Neglected Homes is the Growing Evil of Our Day
Written By William H. Felix (1832-1912) in Feminism: Woman and Her Work
May God impress upon our women the high, heavenly, holy duty of rearing the children of our country, and making our homes places of joy and comfort. Alas! for the state! if our women are to leave the work of our homes and run hither and thither in search of larger rights and larger powers. The Woman’s Temperance Convention, which a short time ago met in Cincinnati, resolved that women should be in their homes to lay the foundation of a pure and temperate life by rearing their children aright.
But how can they do this when they forsake their homes to attend conventions, and run upon crusades, and shut themselves up in closets to prepare lectures, and go hither and thither to deliver them, and in a number of other ways neglect the work they are exhorted to do? She neglects the impure fountain to go forth to the hopeless task of purifying the muddy stream. Whatever work she may do, it is that which is subordinated to the work of the home. This does not shut her out from other ministries of love. She may find time to visit the sick and poor, to enrich her own mind and soul by reading and study, to worship God in the sanctuary, and lighten the burdens of the poor and neglected households.

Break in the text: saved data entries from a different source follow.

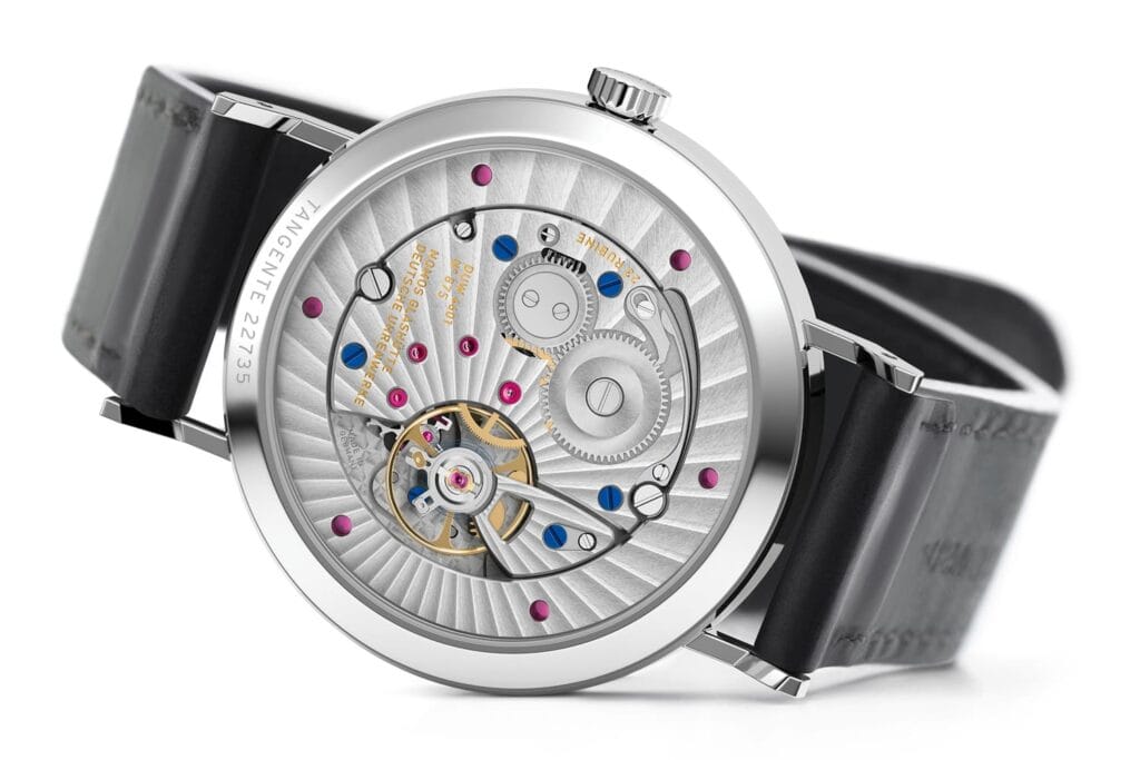 De dubbele datumfunctie benadrukt het technische hoogstandje dat de DUW 4601 is, dat ook nog eens een indrukwekkende gangreserve van 52 uur heeft. En wanneer je dan een nieuw uurwerk presenteert, wil je dat het bewonderd kan worden. De Tangente 2date voldoet hieraan dankzij een transparant achterkant met helder en krasbestendig saffierglas. De vele NOMOS-fans kunnen zo de complexe en verfijnde bewegingen van het uurwerk bewonderen.
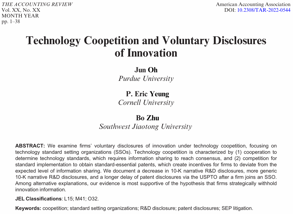 冰球突破豪华版官方网站会计学系副教授诸波于2024年8月在UTD 24期刊The Accounting Review在线公开发表题为Technology Coopetition and Voluntary Disclosures of Innovation的论文。该论文以技术标准制定机构(SSO)为研究对象,考察了企业在技术竞合下创新的资源披露情况。技术竞合的特点是:(1)合作制定技术标准,这要求企业信息共享以达成共识;(2)竞争标准执行以获得标准必要专利,这会激励企业偏离预期的信息共享水平。研究发现,在企业加入SSO后,减少了10-K文件中的叙事性研发披露、10-K文件中披露更通用的叙事性研发信息,更长地延迟通过美国专利商标局进行专利披露。论文的实证证据支持企业策略性地隐瞒创新信息披露的假设。
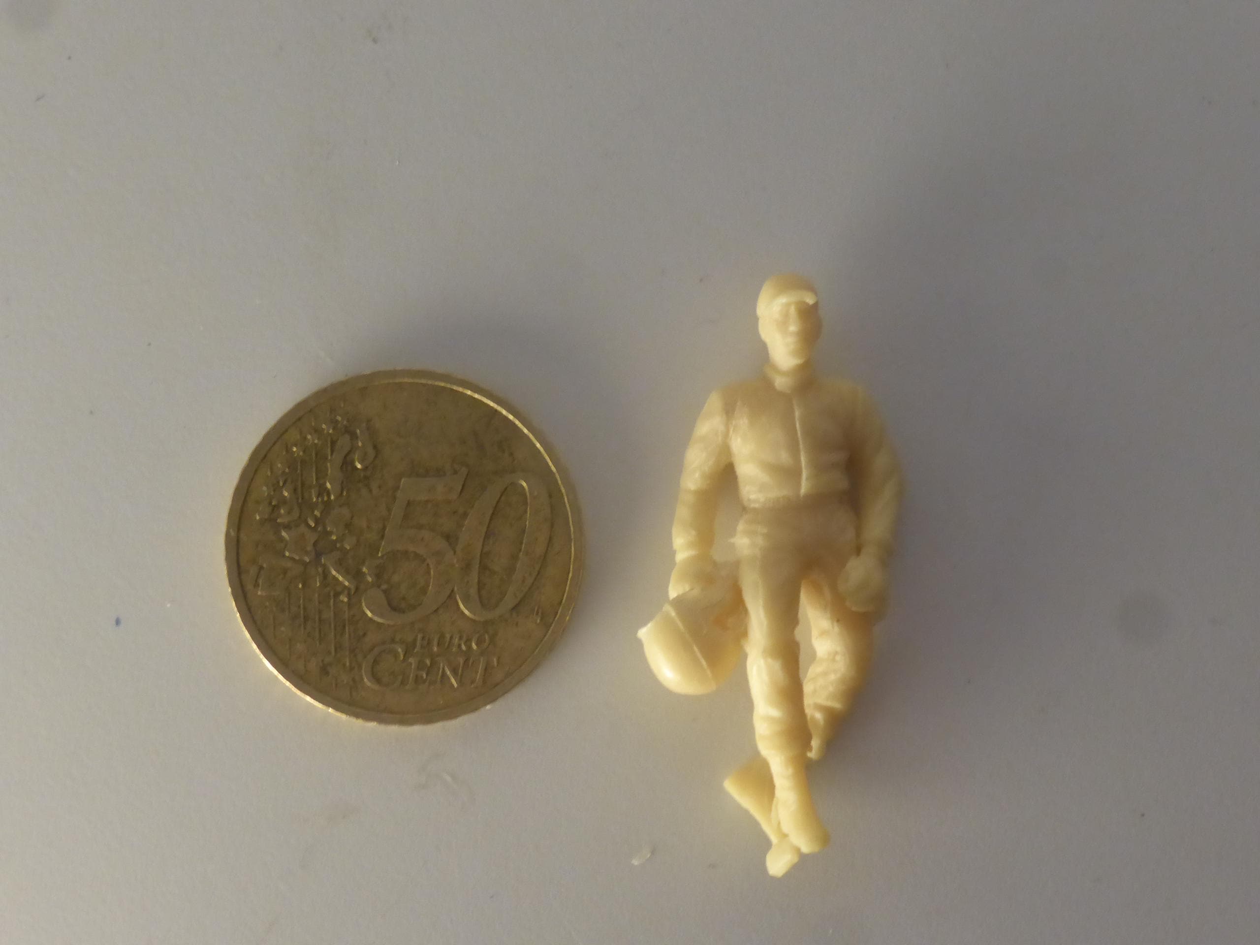 1:43 resin figurine racing driver of the 70-80s walking with integral helmet
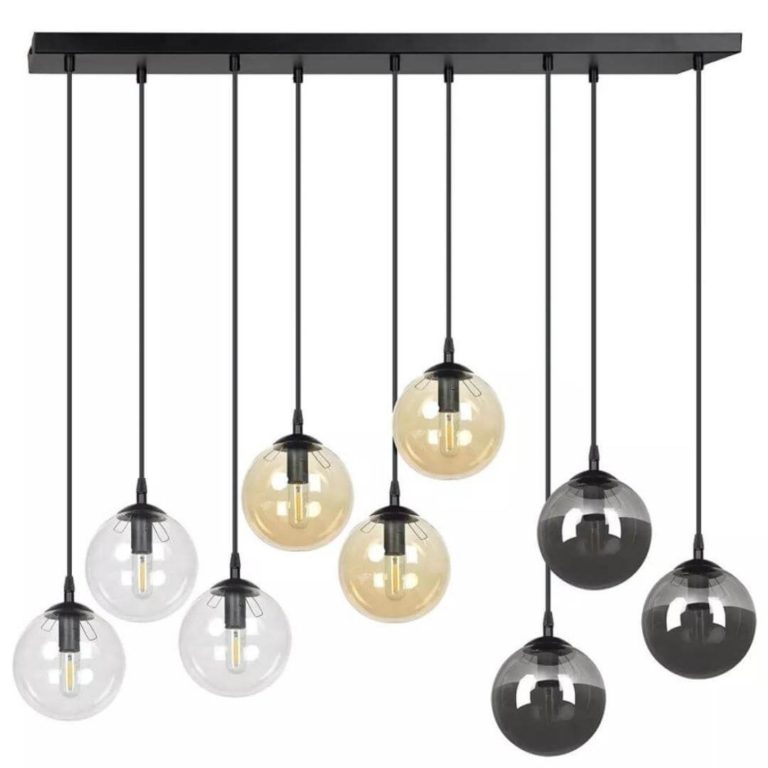Nowoczesna lampa do salonu składa się w czarnej, zdecydowanej podsufitki oraz dziewięciu regulowanych uchwytów trzymających kuliste i lekko przydymione klosze. Trzy klosze są w kolorze grafitowym, trzy w ciepłej barwie miodu, a pozostałe trzy wykonano z przezroczystego szkła. Każdy z nich ma średnicę równą 14 cm. Zwróć uwagę na czarną oprawę kloszy oraz wyrazisty czarny stelaż żyrandola – w połączeniu z trójkolorowymi kloszami tworzą fajne, harmonijne zestawienie, prawda? Dodatkowo szklane klosze nie tylko delikatnie rozpraszają światło, ale także odbijają je od swojej powierzchni. Będziesz zachwycony tym efektem!
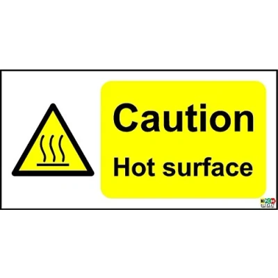 Caution Hot Surface Safety Sign Self adhesive sticker 200mm x 100mm Remove backing film and apply to dry, smooth, oil free surface. Digitally printed and laminated for extra durabillity
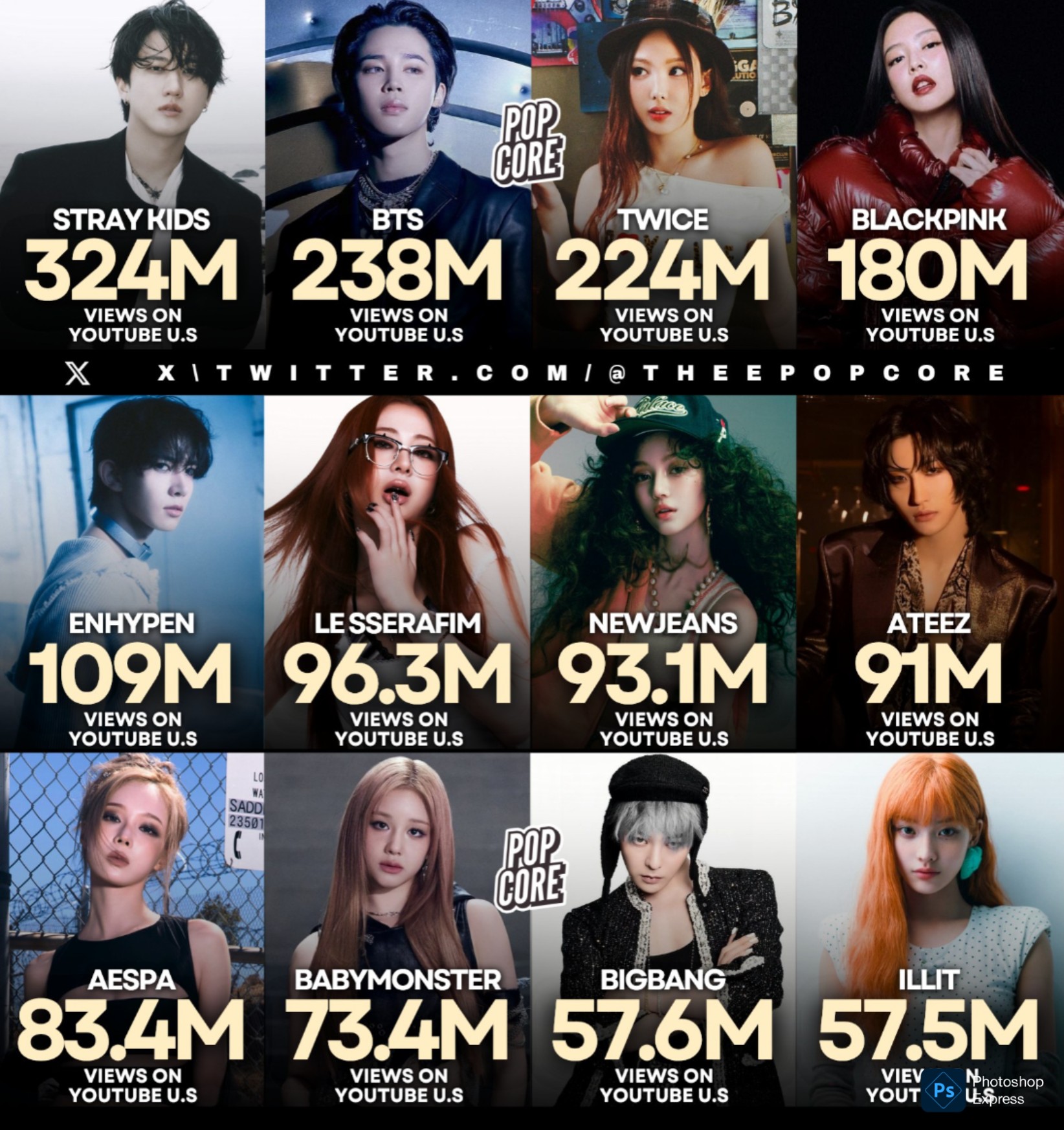 BABYMONSTER เป็นวงเคป๊อปเจน 5 เพียงวงเดียวที่มียอดวิวสูงสุดอยู่ในอันดับ Top 10 บน YouTube US แม้จำนวนเพลงจะน้อยกว่าวงรุ่นพี่หลายวง
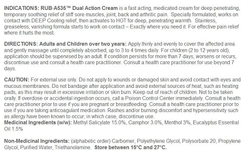 -. Title : RUB A535 DUAL ACTION CREAM For Relief of Arthritis, Rheumatic Pain, Muscle Pain, Joint & Back Pain 100 g
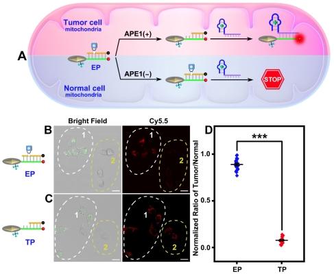 图3近红外光和内源性APE1酶触发的等离子体天线对混合培养细胞中肿瘤/正常细胞的辨别。图片来源:Chem. Sci.
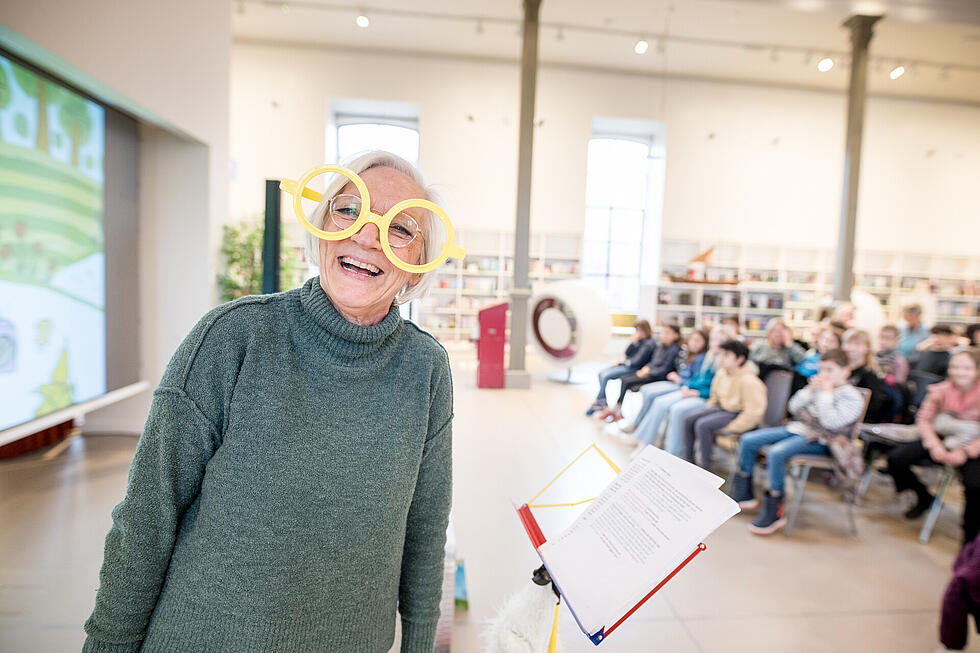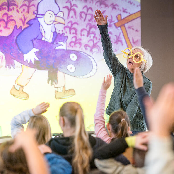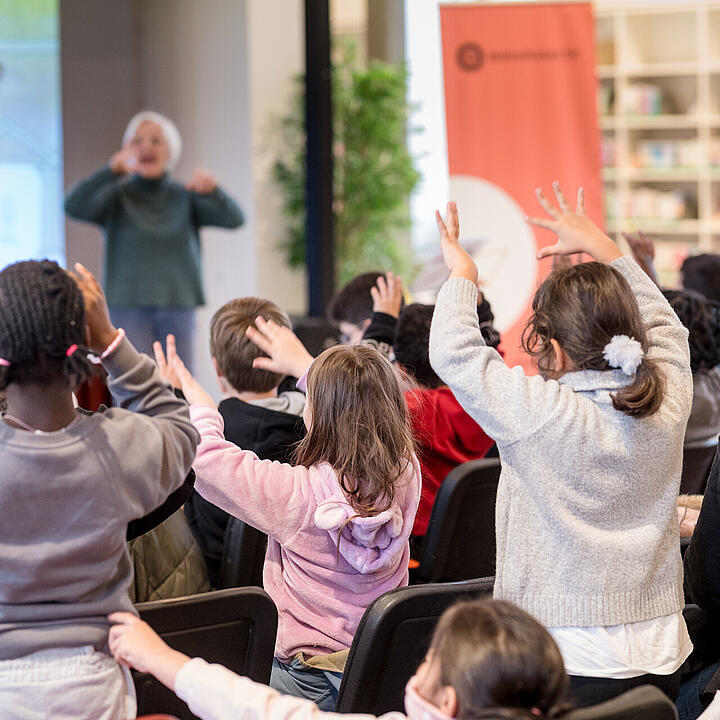 Bereits am Vormittag startete das Programm mit zwei musikalischen Lesungen von Patricia Prawit. Rund 80 Schüler*innen aus zweiten Klassen lauschten begeistert den Geschichten – gesungen, gesprochen und mit viel Charme präsentiert.
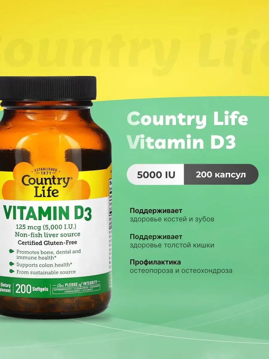 Country Life Vitamin D3 5000 IU - это высококачественный диетический добавок, содержащий витамин D3, необходимый для поддержания здоровья костей и иммунной системы. Каждая капсула содержит 5000 МЕ (международных единиц) витамина D3, который является биологически активной формой витамина D. Этот продукт производится из натуральных источников и не содержит глютена, сои, молочных продуктов, искусственных красителей, ароматизаторов и консервантов. С помощью Country Life Vitamin D3 5000 IU вы можете поддерживать здоровье костей, укреплять иммунную систему и повышать уровень энергии и жизненной активности.
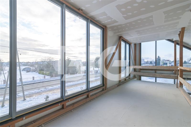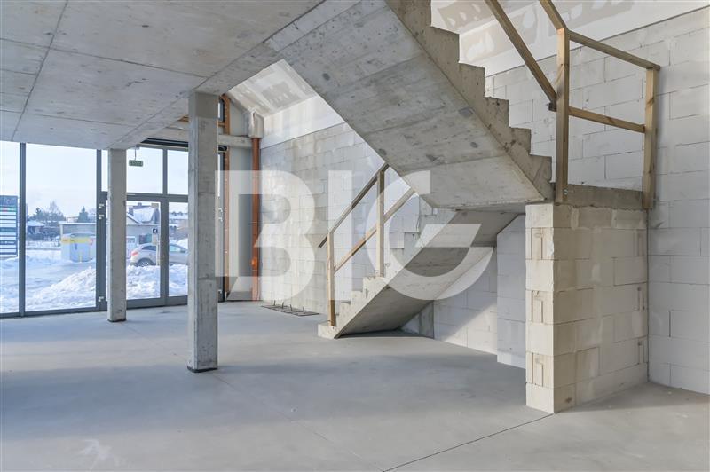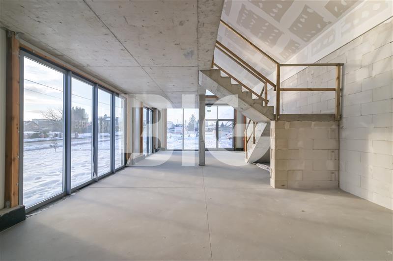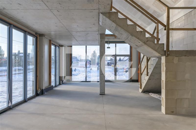 Narożny lokal o powierzchni 195,55mkw z antresolą ma własną witrynę od frontu oraz od strony ulicy.

Neglected homes is the growing evil of our day, and to our women we must look for its abatement. But there is a more blessed view of this matter. It is not simply for society, nor simply for the state, but for heaven, women are to do this work. To them is committed the work of training souls, and in every soul there slumbers a sublime prophesy of glory; every heart is the habitation of royal tenants, each having a divine right to wear a crown, wield a scepter, and rule a kingdom. Who is doing the work of developing this glory? Woman must do it. The task may be difficult, the work my be tedious and monotonous, but the end, when accomplished will be glorious.
“Give me just one generation of good Christian mothers, and I will change the world.” (John Chrysostom)
I have no greater joy than to hear that my children walk in truth.